We will explore a dataset containing 258 participants (rows) and 8 variables (columns). The variables include sex (female/male), age (in years), time spent on the internet and social media (in hours), the total score (0-30) from responses to 10 questions on the Rosenberg Self-Esteem Scale (RSES), and the categorization of that score into three levels of self-esteem: low (0-15), medium (16-19), and high (20-30) ().

 

 

2.2 Summarizing categorical data (Frequency Statistics)

2.2.1 One variable frequency tables and plots

The first step in analyzing a categorical variable is to count the occurrences of each label and calculate their frequencies. This collection of frequencies for all possible categories is known as the frequency distribution of the variable. Additionally, we can express these frequencies as proportions of the total number of observations, which are referred to as relative frequencies. If we multiply these proportions by 100, we obtain percentages (%).

 

Sex variable

Let’s create a a frequency table for the sex variable:

Figure 2.1: Fequency table for the sex.

The table displays the following:

  • Absolute frequency (n): The number of participants in each category (male: 109, female: 149).

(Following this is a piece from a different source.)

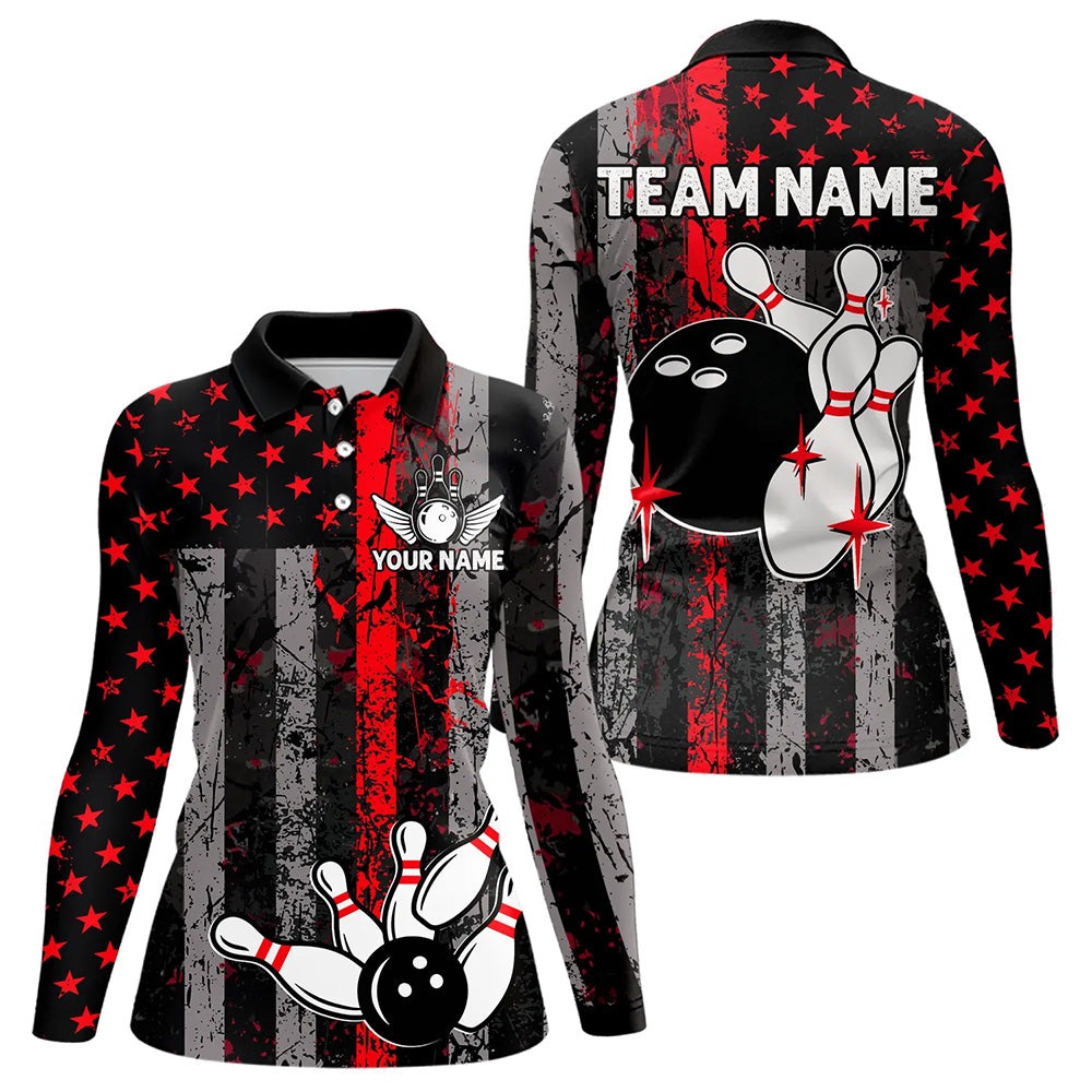 Red And Black Grunge American Flag Patriotic Bowling Shirts For Women Custom Bowling Team Jerseys TDM3696
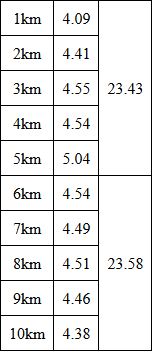 11km~20kmまでは、4.49, 4.48, 4.50, 4.54, 4.54, 4.49, 4.47, 4.51, 4.53, 4.58と、ずっと5分を切るペースで走っており、この10kmを48分33秒で走った。

  • Percentage (%): The proportion of participants in each category relative to the total number of participants (relative frequency) multiplied by 100% (male: 109/258 x 100 = 42.2%, female: 149/258 x 100 = 57.8%). Note that the percentages sum up to 100% (42.2% + 57.8%).

  • Cumulative percentage (%): The sum of the percentage contributions of all categories up to and including the current one. For example, for the male category, the cumulative percentage is 42.2%. When combining male and female categories, the cumulative percentage is 42.2% + 57.8% = 100%. Therefore, the final cumulative percentage must equal 100%.

While frequency tables are extremely useful, plotting the data often provides a clearer presentation. For categorical variables, such as sex, it is straightforward to display the number of occurrences in each category using bar plots. The x-axis typically represents the categories of the variable—in this case, “male” and “female”. The y-axis represents the frequency or count of occurrences for each category.

Figure 2.2: Bar plot showing the frequency distribution of the sex.

If the y-axis represents percentages (%), then each bar’s height corresponds to the percentage of participants in that category. For example, the percentage of female participants is 57.8%.

Figure 2.3: Bar plot showing the percentage of participants for each level of self-esteem.

 

Score_cat variable (self-esteem)

Similarly, we can create the frequency table for the Score_cat (self-esteem) variable:

Figure 2.4: Frequency table for the levels of self-esteem.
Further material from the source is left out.